**Problem requirements**
Copying rule for the data below: take the line containing "Der Beistelltisch Maroco" and every line after it to the end, exactly, and drop all pictures.

**Information shown**
★ ★ ★ ★ ★ ★ ★
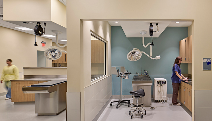 The building was designed to blend into the beautiful natural surroundings and features oversized windows that bring plenty of natural light and views of outdoors to pets and people inside. Above the kennel areas, skylights and solar tubes add even more natural lighting for the animals. The center also makes extensive use of tiled and resinous surfaces to withstand frequent wash downs.
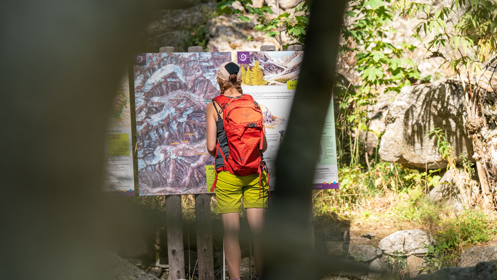Volg in Aielfroide de bordjes Sélé (na de parkeerplaats naar links). Hier loop je door een fijn en koel lariksbos omhoog. Overal zie je smalle paadjes van het grote pad afslaan… Dit zijn door rotsklimmers uitgesleten paden, neem deze niet. Volg gewoon het brede pad. Na ongeveer 700 meter kom je langs een indrukwekkende hangbrug. Deze gaat naar de Claphouse vallei. Laat deze brug links liggen en loop door. Het pad wordt steeds steiler en je klimt langzaam boven de boomgrens. Vergeet niet te genieten van het mooie dal onder je met de kolkende rivier.
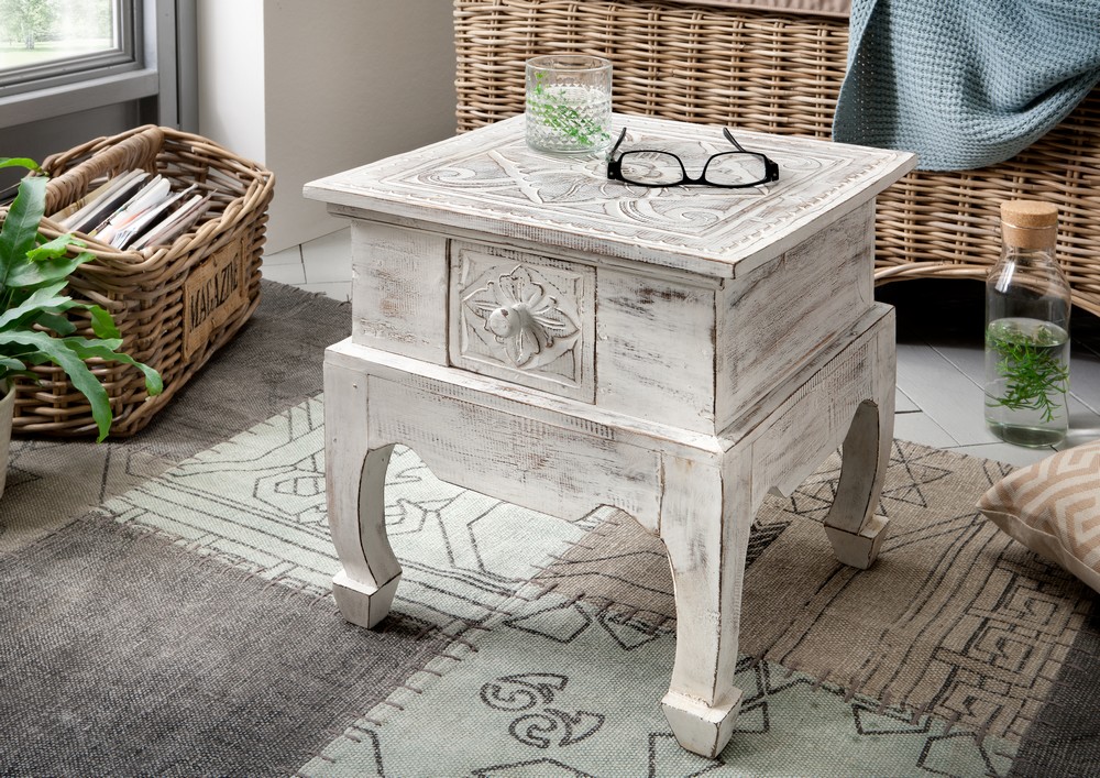 Der Beistelltisch Maroco aus recyceltem Holz in Vintage Weiß besticht durch seinen rustikalen Charme und seinen einzigartigen Shabby-Chic-Look. Die natürliche Maserung und die bewusste Vintage-Bearbeitung verleihen jedem Tisch eine individuelle Patina, die ihn zu einem stilvollen Unikat macht.
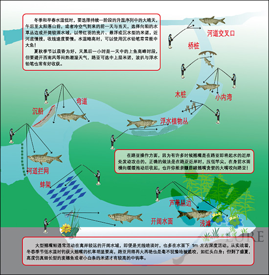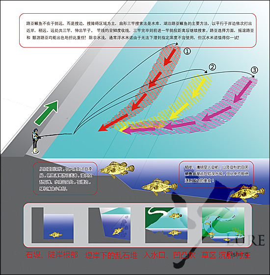 路亚鳜鱼,首先要找准标点。平坦处无鱼,鳜鱼特别喜欢障碍物区,只要水中有鳜,就必然藏身于水底乱石堆中,桥桩旁,伸入水中的树根丛,陡岸下,石堤边,大坝下等。
★ ★ ★ ★ ★ ★ ★
**Result below**
 Der Beistelltisch Maroco aus recyceltem Holz in Vintage Weiß besticht durch seinen rustikalen Charme und seinen einzigartigen Shabby-Chic-Look. Die natürliche Maserung und die bewusste Vintage-Bearbeitung verleihen jedem Tisch eine individuelle Patina, die ihn zu einem stilvollen Unikat macht.
 路亚鳜鱼,首先要找准标点。平坦处无鱼,鳜鱼特别喜欢障碍物区,只要水中有鳜,就必然藏身于水底乱石堆中,桥桩旁,伸入水中的树根丛,陡岸下,石堤边,大坝下等。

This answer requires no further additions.